### Provided entries
+-------+

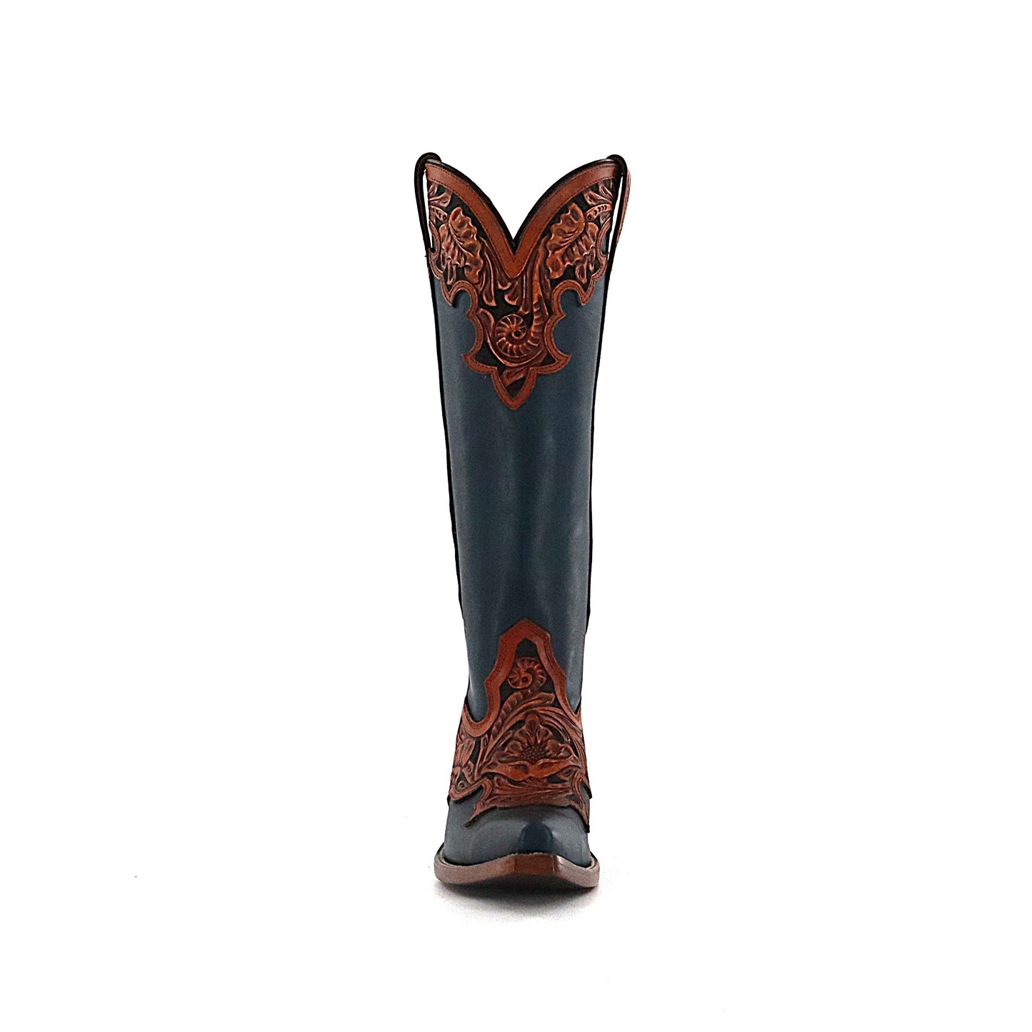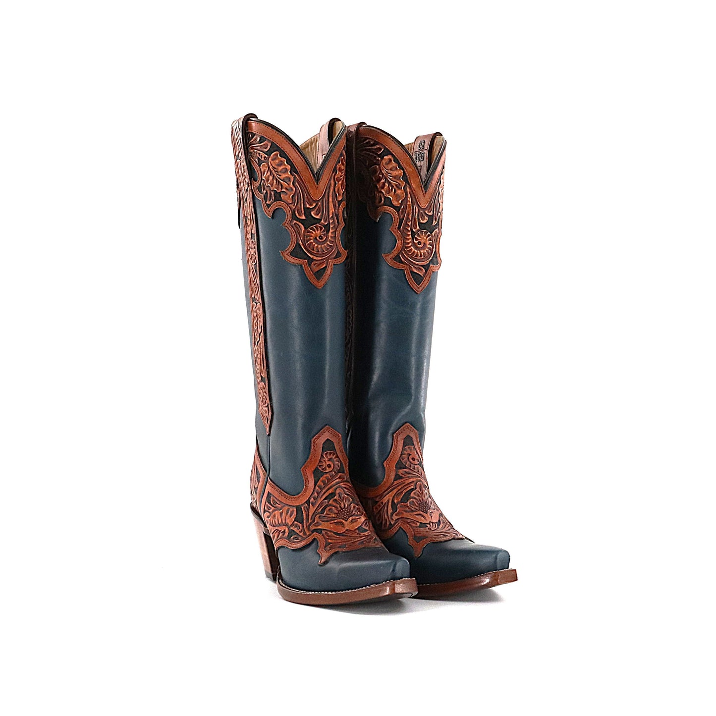• Hand-tooled leather on collar, pull tabs, vamp, and heel—artistry in every detail
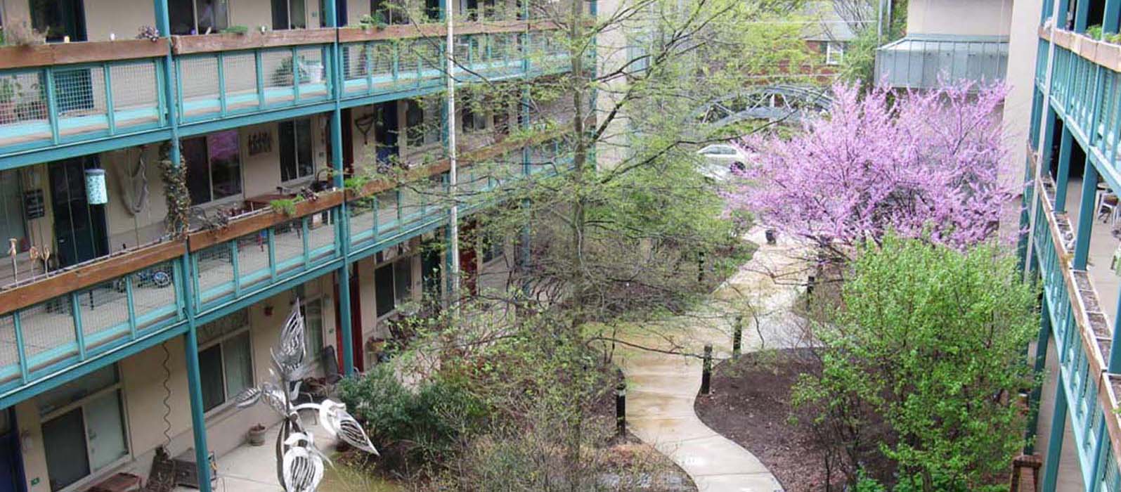 Eastern Village, un complesso di appartamenti di 55 unità situato in una zona commerciale di Silver Spring, nel Maryland, è un luogo piuttosto affascinante, considerando che un tempo ospitava gli squallidi uffici di un'associazione di assistenti sociali e poi è stato abbandonato per quasi un decennio, con l'acqua che gocciola dai soffitti. Quando l'ho visitata quest'estate, l'edera cadeva sulla facciata con tale esuberanza che non ho visto l'ingresso mentre passavo. Il cortile paesaggistico, strappato da un parcheggio, emanava fascino europeo. Alzando lo sguardo, vidi corridoi aperti fiancheggiati da balconi, fiori ed erbe aromatiche. Poi ho visto un uomo quasi calvo seduto a un tavolino rotondo che mi salutava. Doveva essere il rabbino Jason Kimelman-Block, un amico di un amico a cui avevo chiesto di portarmi in giro.
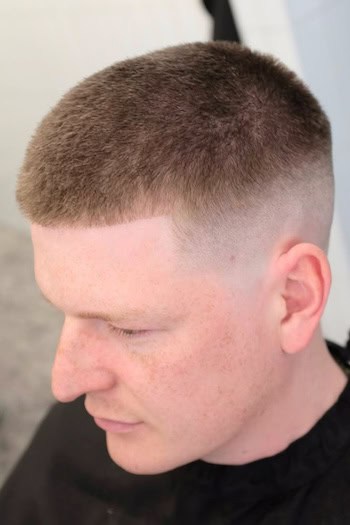 Simple, powerful, and always in style — the buzz cut with fade brings clean military discipline and urban edge into one low-maintenance cut. The fade on the sides adds sharp contrast, while the top stays short and practical. Ask your barber for a #1 or #2 guard on top and a gradual fade down the sides. Ideal for active lifestyles or men who prefer no-fuss grooming.
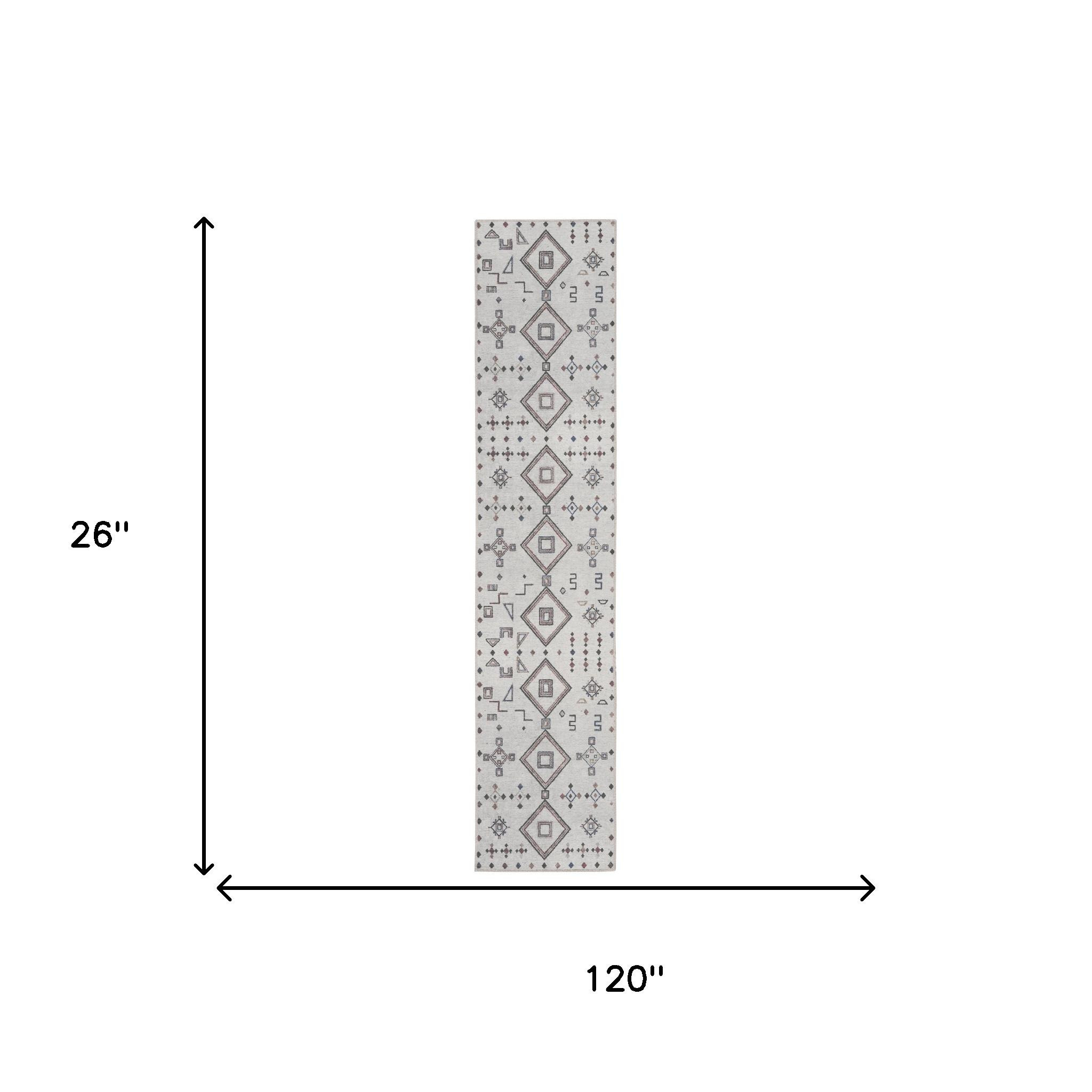 This 10-foot cream geometric distressed washable runner rug, is a great way to add warmth to a room. Rugs are a great way to showcase your style, hide imperfections, warm your home and reduce noise. This rectangular shaped rug features a abstract design that will add a functional and decorative accent to your space. This bohemian style runner makes a great accent for the hallway, in front of cabinets, in the laundry room, or any other space you need a narrow and long rug. 26-inch h x 120-inch w x 0.28-inch d.
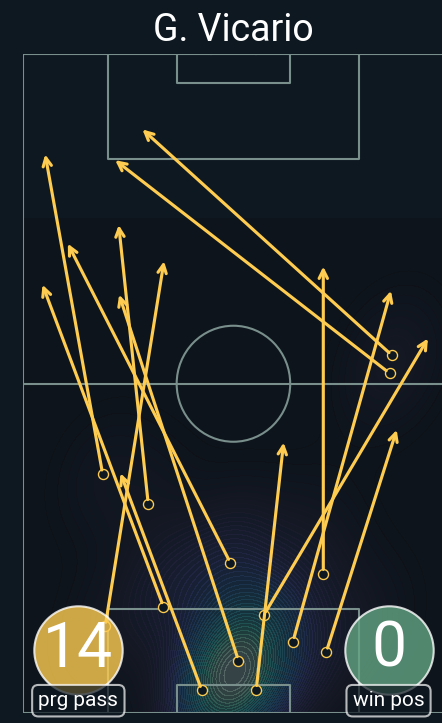 Дошло до абсурда: Гульельмо стал лидером команды по xT (0,22) и продвигающим передачам (14). Карта этих передач просто взрывает мозг.
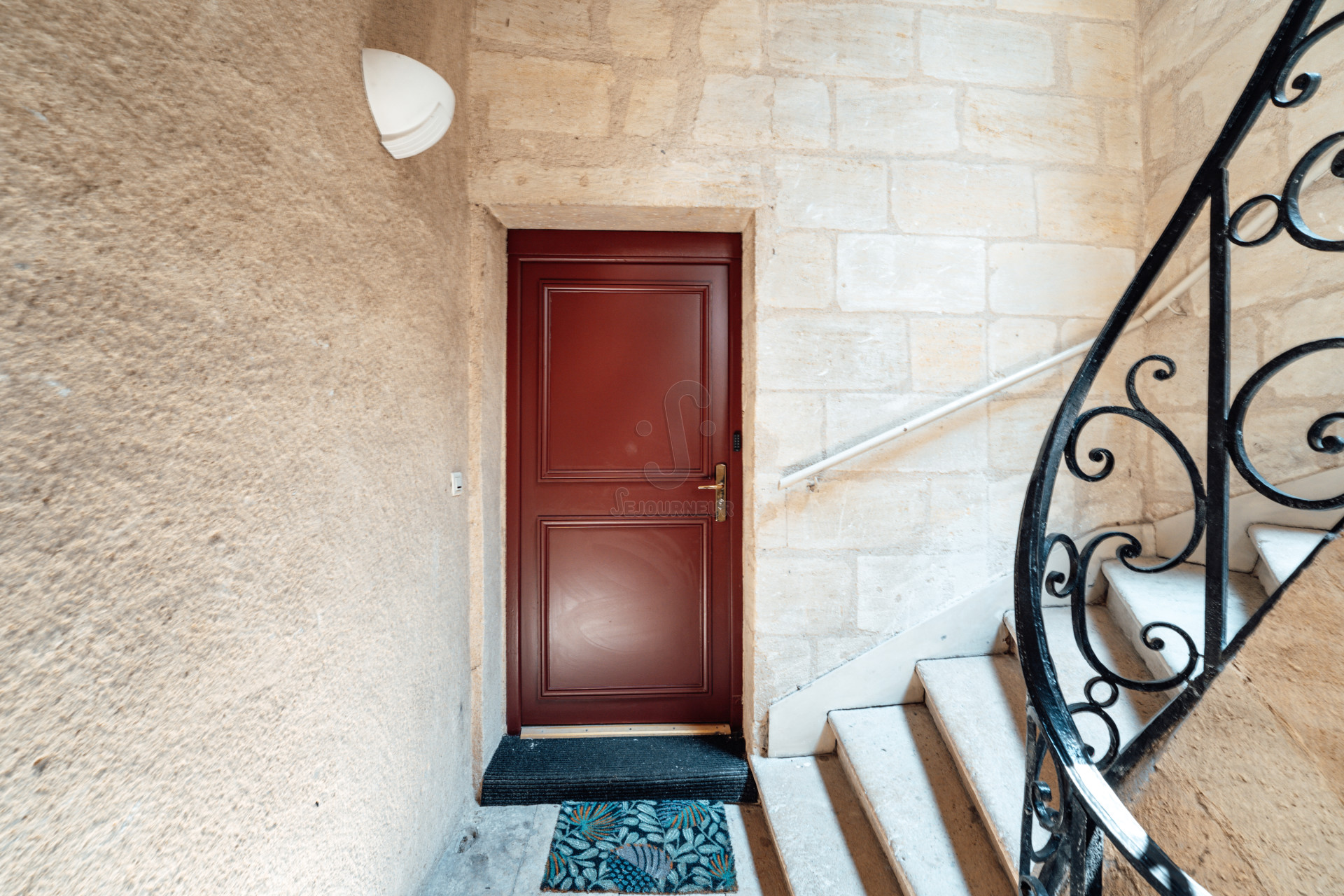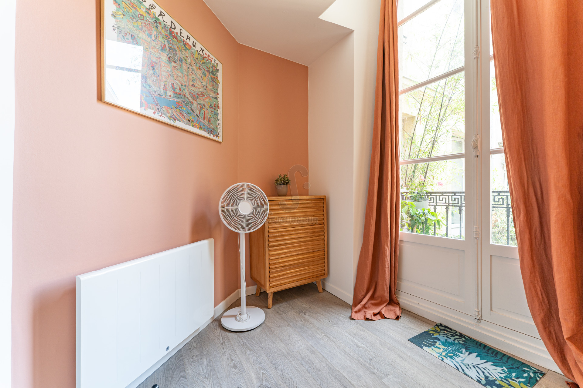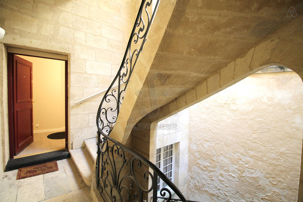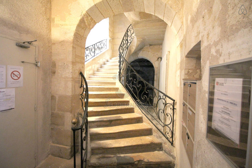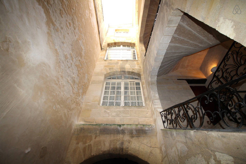 Bien que l’appartement conserve le charme du vieux Bordeaux avec ses escaliers en pierre bordelaise menant à un patio extérieur, il ne manque pas de commodités modernes, telles qu’une télévision et le wifi.
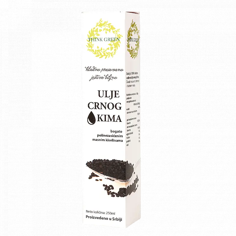Ulje crnog kima se dobija hladnim presovanjem semenki crnog kima. Bogato je esencijalnim masnim kiselinam, antioksidansima, vitaminima i mineralima. Ima visoku nutritivnu vrednost.Prirodan proizvod bez gluten i veštačkih dodataka.Ulje crnog kima nije predviđeno za prženje i pečenje. Koristi se za sve vrste salata i jela od povrća , naročito pirinča i sočiva. Unošenjem male količine ovog ulja u ishranu može značajno uticati na poboljšanje vaše zdravlje.
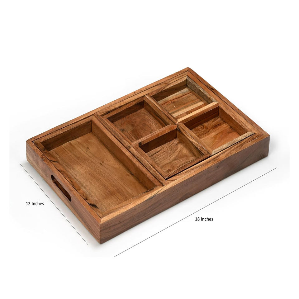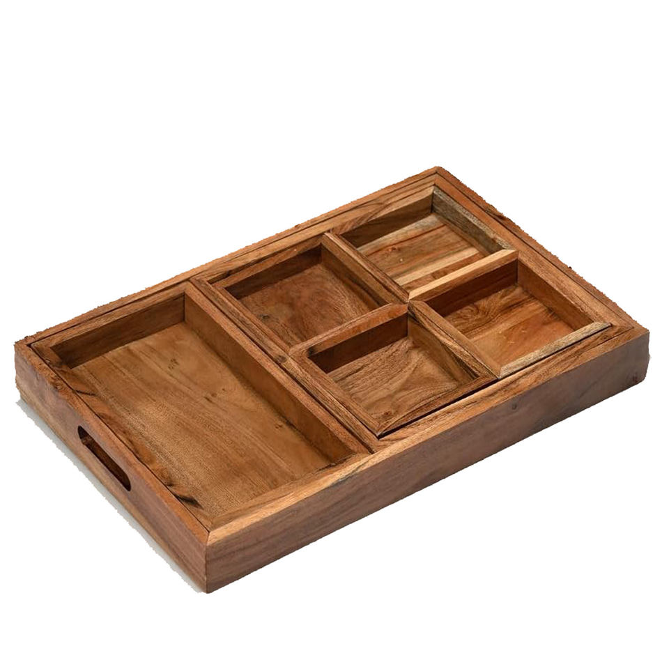 Nom du produit:Plateaux de service en bois d'acacia avec poignées l Ensemble de 7
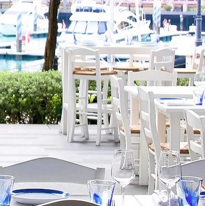 Or, be transported to the seaside of Greece with this Santorini-inspired restaurant decked out in a clean blue-and-white theme.
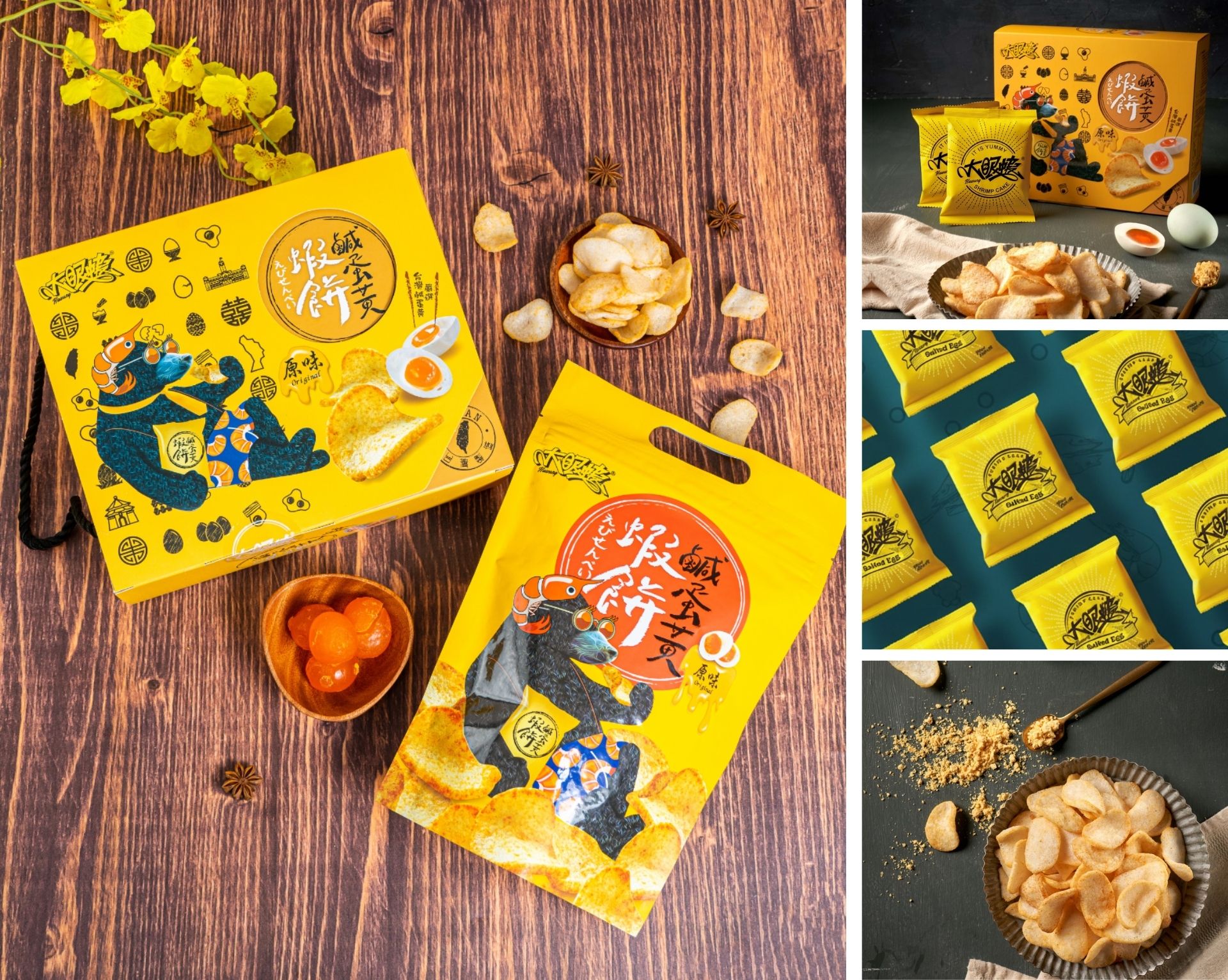重新定義蝦餅!大眼蝦 把熟悉的鹹蛋黃與蝦肉,轉化為停不下來的零食體驗。整顆鹹蛋黃研磨成獨特金沙粉,均勻融入餅體,蛋黃的濃郁不搶戲,而是與蝦肉的鮮甜自然交疊,香氣細緻、層次分明。「蝦肉餅-原味鹹蛋黃蝦餅禮盒」使用頂級蝦肉製成鮮蝦餅,用料講究,讓蝦味不靠重調味撐場,而是在咀嚼之間慢慢浮現;首創鹹蛋香風味,濃郁鹹香卻不卡油,涮嘴卻不膩口。小片尺寸、一口剛好,脆度俐落,節奏輕快得像是一首協奏曲,一片接一片停不下來。從航空貴賓室到年節茶几,它的存在感始終低調卻明確。作為熱銷 17 國、國外賣最好的台灣伴手禮之一,大眼蝦蝦肉餅還通過了 FSSC 22000 與 HACCP 認證。大眼蝦的眼睛很大,從來不是為了博眼球,而是讓人一試就記住。

+-------+

### Prompt
Line by line, print the records exactly, leaving the pictures behind.

### Written response
• Hand-tooled leather on collar, pull tabs, vamp, and heel—artistry in every detail
 Eastern Village, un complesso di appartamenti di 55 unità situato in una zona commerciale di Silver Spring, nel Maryland, è un luogo piuttosto affascinante, considerando che un tempo ospitava gli squallidi uffici di un'associazione di assistenti sociali e poi è stato abbandonato per quasi un decennio, con l'acqua che gocciola dai soffitti. Quando l'ho visitata quest'estate, l'edera cadeva sulla facciata con tale esuberanza che non ho visto l'ingresso mentre passavo. Il cortile paesaggistico, strappato da un parcheggio, emanava fascino europeo. Alzando lo sguardo, vidi corridoi aperti fiancheggiati da balconi, fiori ed erbe aromatiche. Poi ho visto un uomo quasi calvo seduto a un tavolino rotondo che mi salutava. Doveva essere il rabbino Jason Kimelman-Block, un amico di un amico a cui avevo chiesto di portarmi in giro.
 Simple, powerful, and always in style — the buzz cut with fade brings clean military discipline and urban edge into one low-maintenance cut. The fade on the sides adds sharp contrast, while the top stays short and practical. Ask your barber for a #1 or #2 guard on top and a gradual fade down the sides. Ideal for active lifestyles or men who prefer no-fuss grooming.
 This 10-foot cream geometric distressed washable runner rug, is a great way to add warmth to a room. Rugs are a great way to showcase your style, hide imperfections, warm your home and reduce noise. This rectangular shaped rug features a abstract design that will add a functional and decorative accent to your space. This bohemian style runner makes a great accent for the hallway, in front of cabinets, in the laundry room, or any other space you need a narrow and long rug. 26-inch h x 120-inch w x 0.28-inch d.
 Дошло до абсурда: Гульельмо стал лидером команды по xT (0,22) и продвигающим передачам (14). Карта этих передач просто взрывает мозг.
 Bien que l’appartement conserve le charme du vieux Bordeaux avec ses escaliers en pierre bordelaise menant à un patio extérieur, il ne manque pas de commodités modernes, telles qu’une télévision et le wifi.
Ulje crnog kima se dobija hladnim presovanjem semenki crnog kima. Bogato je esencijalnim masnim kiselinam, antioksidansima, vitaminima i mineralima. Ima visoku nutritivnu vrednost.Prirodan proizvod bez gluten i veštačkih dodataka.Ulje crnog kima nije predviđeno za prženje i pečenje. Koristi se za sve vrste salata i jela od povrća , naročito pirinča i sočiva. Unošenjem male količine ovog ulja u ishranu može značajno uticati na poboljšanje vaše zdravlje.
 Nom du produit:Plateaux de service en bois d'acacia avec poignées l Ensemble de 7
 Or, be transported to the seaside of Greece with this Santorini-inspired restaurant decked out in a clean blue-and-white theme.
重新定義蝦餅!大眼蝦 把熟悉的鹹蛋黃與蝦肉,轉化為停不下來的零食體驗。整顆鹹蛋黃研磨成獨特金沙粉,均勻融入餅體,蛋黃的濃郁不搶戲,而是與蝦肉的鮮甜自然交疊,香氣細緻、層次分明。「蝦肉餅-原味鹹蛋黃蝦餅禮盒」使用頂級蝦肉製成鮮蝦餅,用料講究,讓蝦味不靠重調味撐場,而是在咀嚼之間慢慢浮現;首創鹹蛋香風味,濃郁鹹香卻不卡油,涮嘴卻不膩口。小片尺寸、一口剛好,脆度俐落,節奏輕快得像是一首協奏曲,一片接一片停不下來。從航空貴賓室到年節茶几,它的存在感始終低調卻明確。作為熱銷 17 國、國外賣最好的台灣伴手禮之一,大眼蝦蝦肉餅還通過了 FSSC 22000 與 HACCP 認證。大眼蝦的眼睛很大,從來不是為了博眼球,而是讓人一試就記住。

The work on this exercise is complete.